The Leisure Class as a film is riddled with problems from start to finish, which makes us shudder at the thought of the state of Not Another Pretty Woman, the initial screenplay which was to be made. Character development, acting, plot, tone, structure, cinematography, production design, editing – basically everything needs work and feels like a rough first draft that should never see the light of day except as a canistered film on a shelf.

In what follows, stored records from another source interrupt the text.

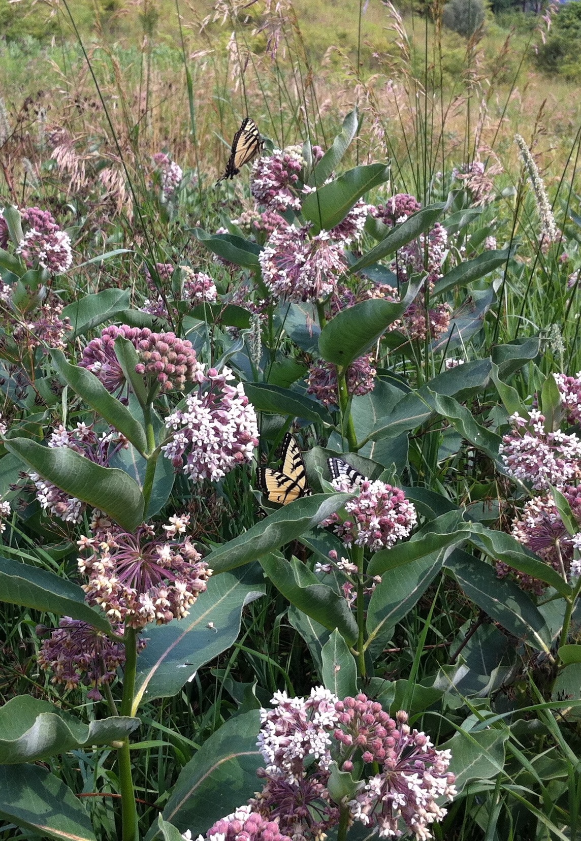 My pic is of milkweed which seems quite attractive to butterflies. It is undoctored – there’s the shadow of a third swallowtail in there–crazy.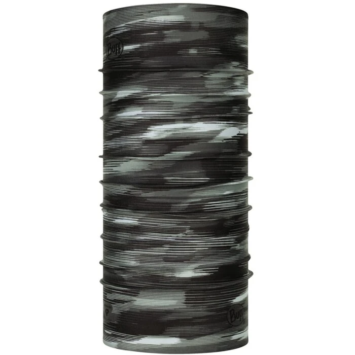 Buff ThermoNet neck warmer in osh grey features Buff ThermoNet. Also features a all over print and seamless design as well as UPF 50+ and versatile usage. Branding includes a Buff printed logo. Made with moisture wicking fabric – recycled fabric – stretch material – primaloft. Made from 58% recycled polyester – 38% polyester and 4% elastane and is 53cm high x 22.5cm wide.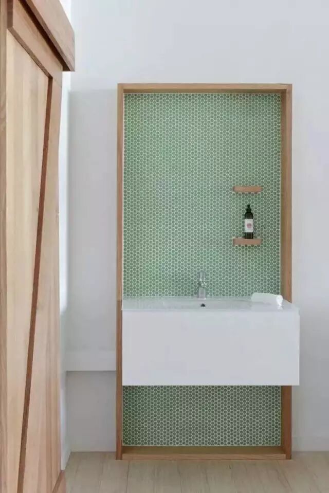 柔和色彩的瓷砖,是很棒的背景,利用在厨房或浴室中,让原本功能性的空间,变得更有活力和情调。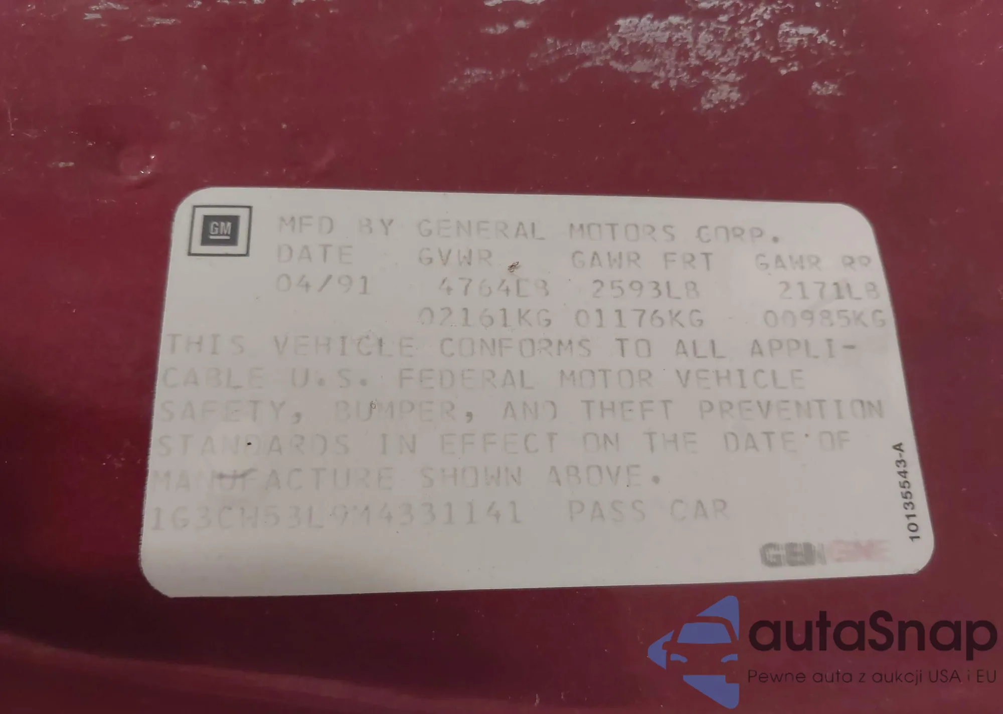 • VIN 3G1BE6SM7HS610424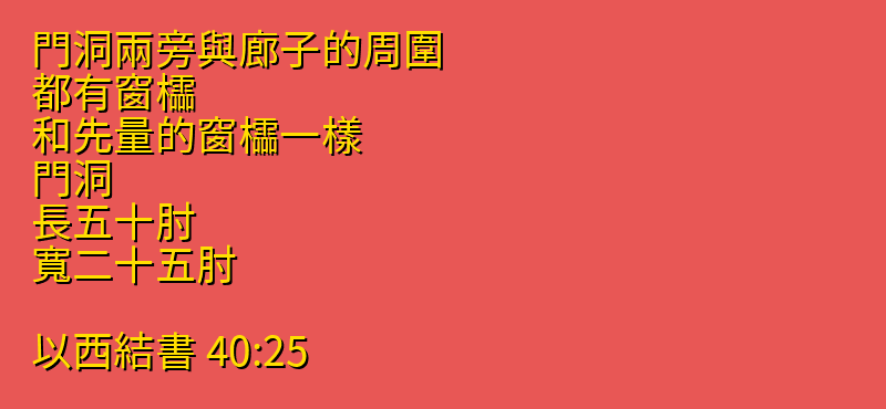 門洞兩旁與廊子的周圍、都有窗櫺、和先量的窗櫺一樣.門洞、長五十肘、寬二十五肘。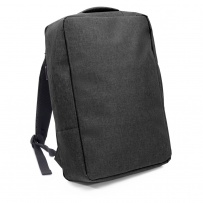 Laptop backpack 15,6" with side handle enabling it to function as a laptop bag, zipped main compartment with padded laptop or document sleeve, 2 small pockets and 2 pen loops inside, zipper with extra puller enabling easy unzipping, strap to fix on trolley handle, adjustable shoulder straps enable regulating their length according to individual preferences, product made from RPET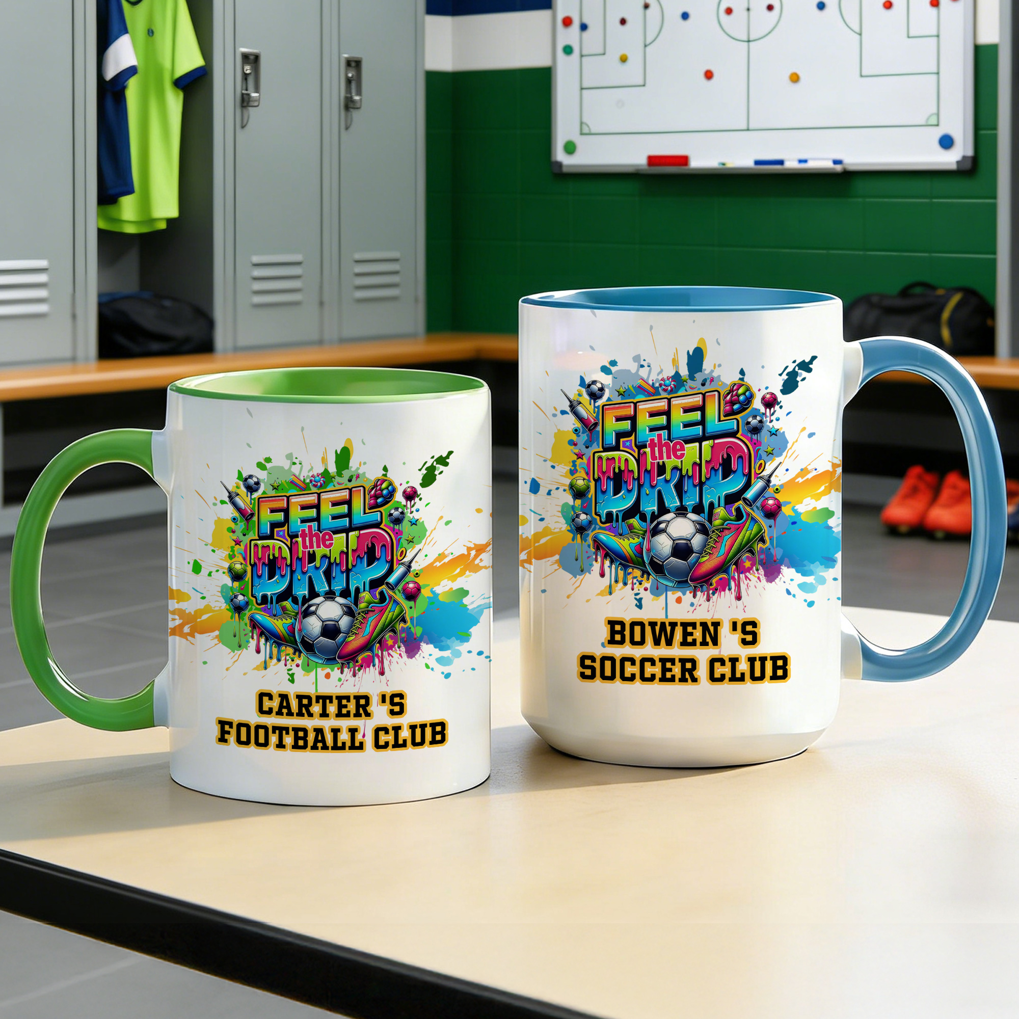 | Style | Personalized Name Graffiti Feel the Drip Soccer Mug |
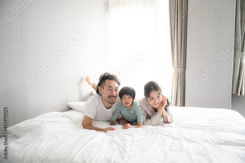 © kapinon, Fototapeta premium 新築の様な白くて広い寝室で美人なママと赤ちゃんとパパの寝転がる家族のポートレート1 コピースペースあり

If you pick away at all the physical imperfections, what comes down to it is The Leisure Class is a weak script. The pacing is terrible, unbearably slow and monotonous at the start, with bouts of fleeting and nonsensical mania. The core events of the film do create a substandard plot, but the dialogue and transitional occurrences to get us from one main plot point to the next are absent. Tonally, The Leisure Class is off-putting, jumpy and abrasive while being equally pointless.

Yes, the actors could have brought more to their roles than what was there on paper, especially the feebly written females, most notably Bridget Regan who plays Fiona, but that minor fix would not have been enough to save the film. The two leads, played by Ed Weeks and Tom Bell, who are the heart of the film needed significant guidance based on their performances which a more experienced director would have noticed or edited around. Their banter, which seems excessively ad-libbed at times, needed to be reined in considerably so that the core structure of the film was retained. Listening to the dialogue, you long for the characters to get to the point, patiently waiting for the movie to start, which it never does.

It seems as though Jason Mann was given every opportunity to succeed and utilize this film as a catalyst for his career and exemplification of his talents as a film maker. Based on The Leisure Class, Mann needs to go back to the basics of exciting and compelling story-telling before jumping into filming.